(DATA FOR THIS EXERCISE)

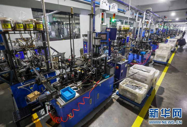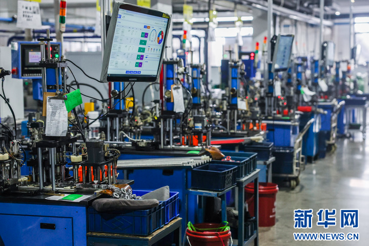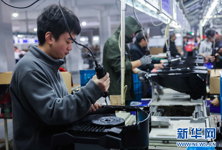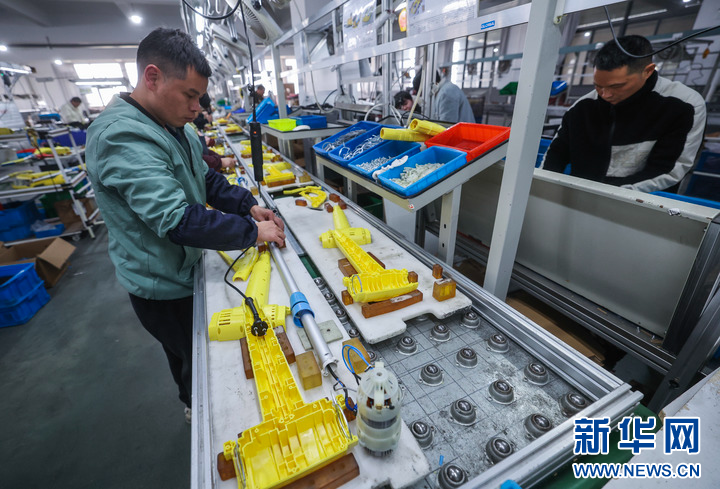 3月11日,在位于慈溪市横河镇的宁波好使特电器有限公司的车间内,工人在流水线上组装一批出口的园林工具。新华社记者 徐昱 摄
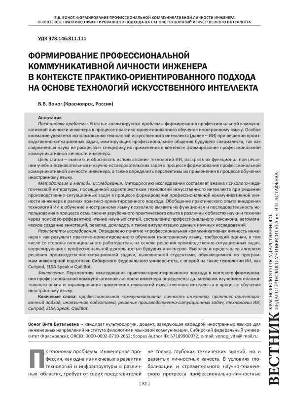 Профессиональная коммуникативная личность инженера, практико-ориентированный подход, иноязычная подготовка, решение производственно-ситуационных задач, технологии ИИ, Curipod, ELSA Speak, QuillBot
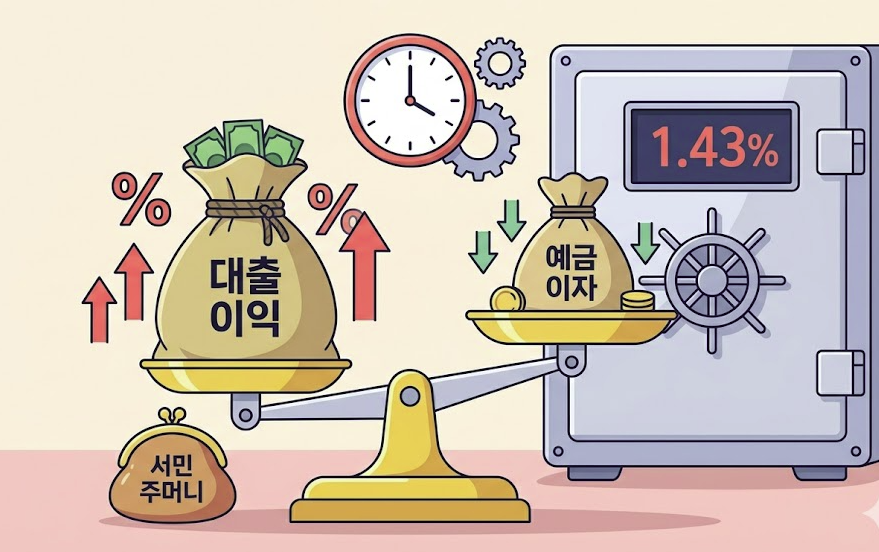 즉 '예대금리차'가 여전히 1.43% 포인트에 달합니다.
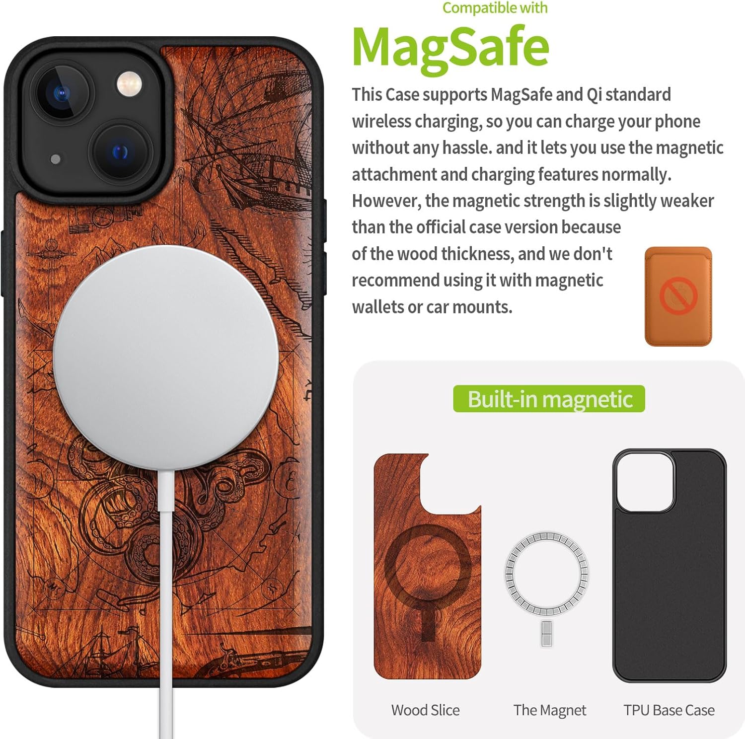 | Additional Features | Natural solid wood back panel and laser engraving, The unique solid wood keeps the palm dry and prevents fingerprints from sticking to the surface of the case, keeping it clean and elegant |
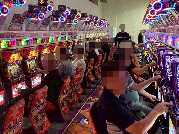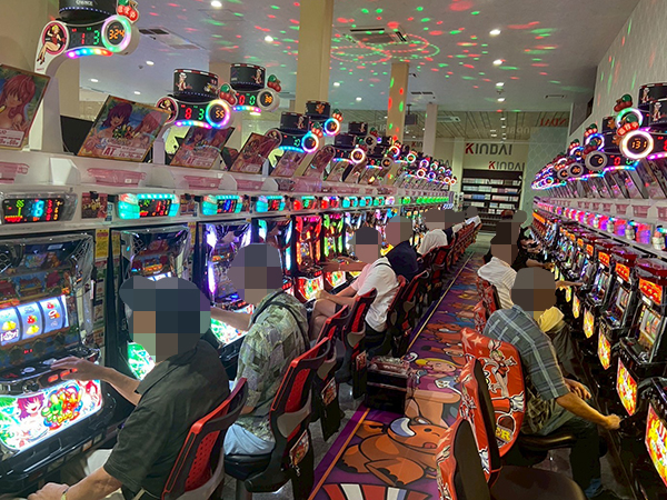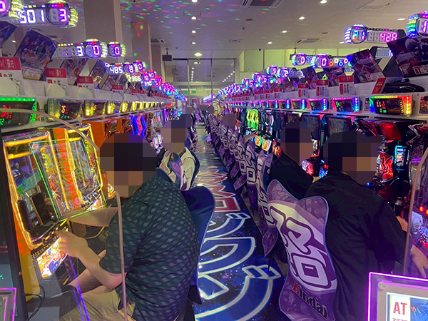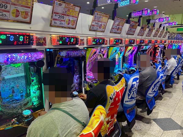 取材時は多くのプレイヤーが来店。パチンコ・パチスロともに、様々な機種が支持を得ていた。
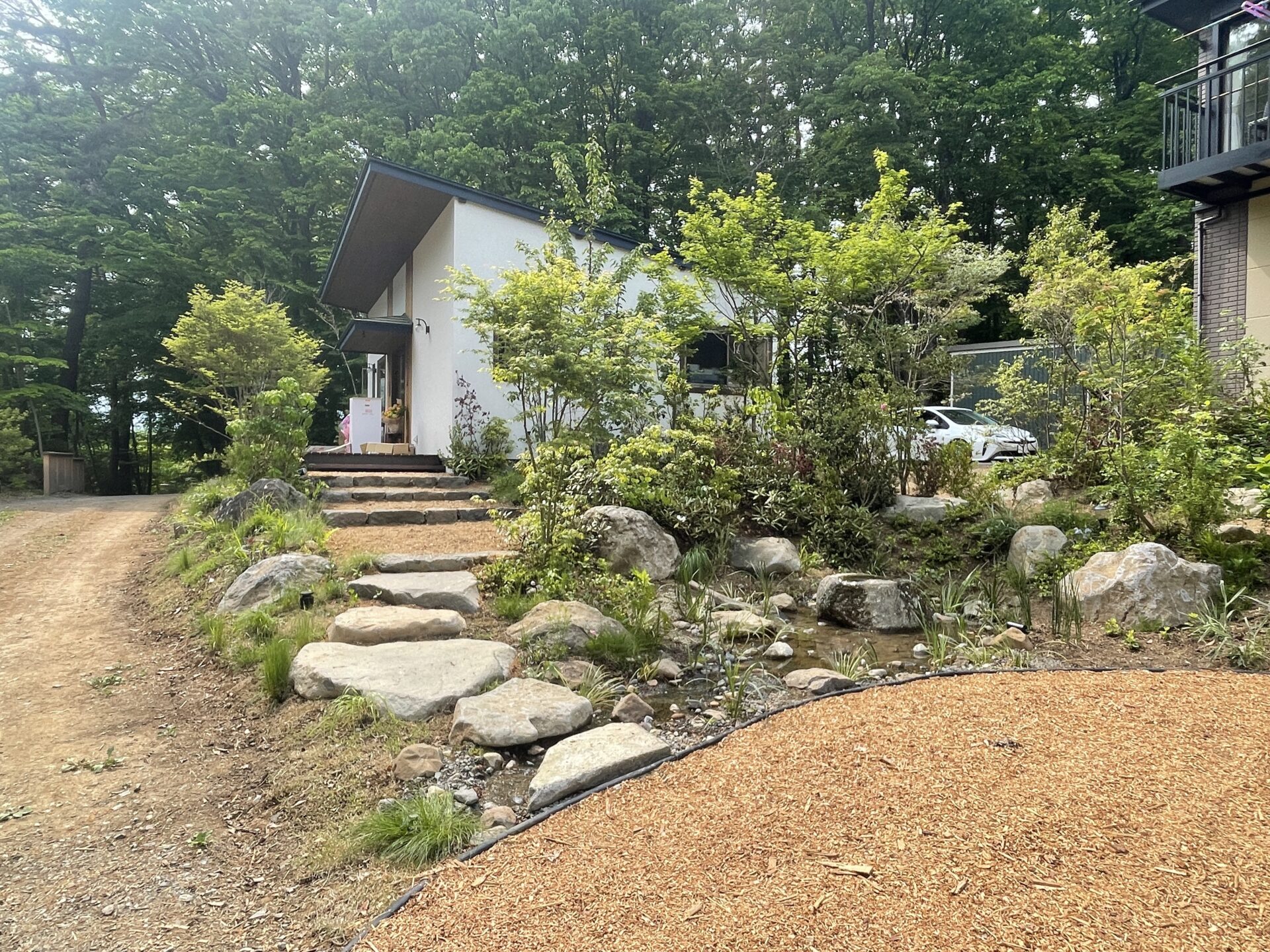 雪で閉ざされる冬から暑い夏の時期まで、豊かな水源として動植物から人まで幅広く潤いを与える空間づくりをコンセプトに作庭しました。

(End DATA FOR THIS EXERCISE)

-- INSTRUCTIONS TO FOLLOW --
The full listing above, duplicated exactly and without its pictures, is the answer.

-- YOUR RESPONSE --
 3月11日,在位于慈溪市横河镇的宁波好使特电器有限公司的车间内,工人在流水线上组装一批出口的园林工具。新华社记者 徐昱 摄
 Профессиональная коммуникативная личность инженера, практико-ориентированный подход, иноязычная подготовка, решение производственно-ситуационных задач, технологии ИИ, Curipod, ELSA Speak, QuillBot
 즉 '예대금리차'가 여전히 1.43% 포인트에 달합니다.
 | Additional Features | Natural solid wood back panel and laser engraving, The unique solid wood keeps the palm dry and prevents fingerprints from sticking to the surface of the case, keeping it clean and elegant |
 取材時は多くのプレイヤーが来店。パチンコ・パチスロともに、様々な機種が支持を得ていた。
 雪で閉ざされる冬から暑い夏の時期まで、豊かな水源として動植物から人まで幅広く潤いを与える空間づくりをコンセプトに作庭しました。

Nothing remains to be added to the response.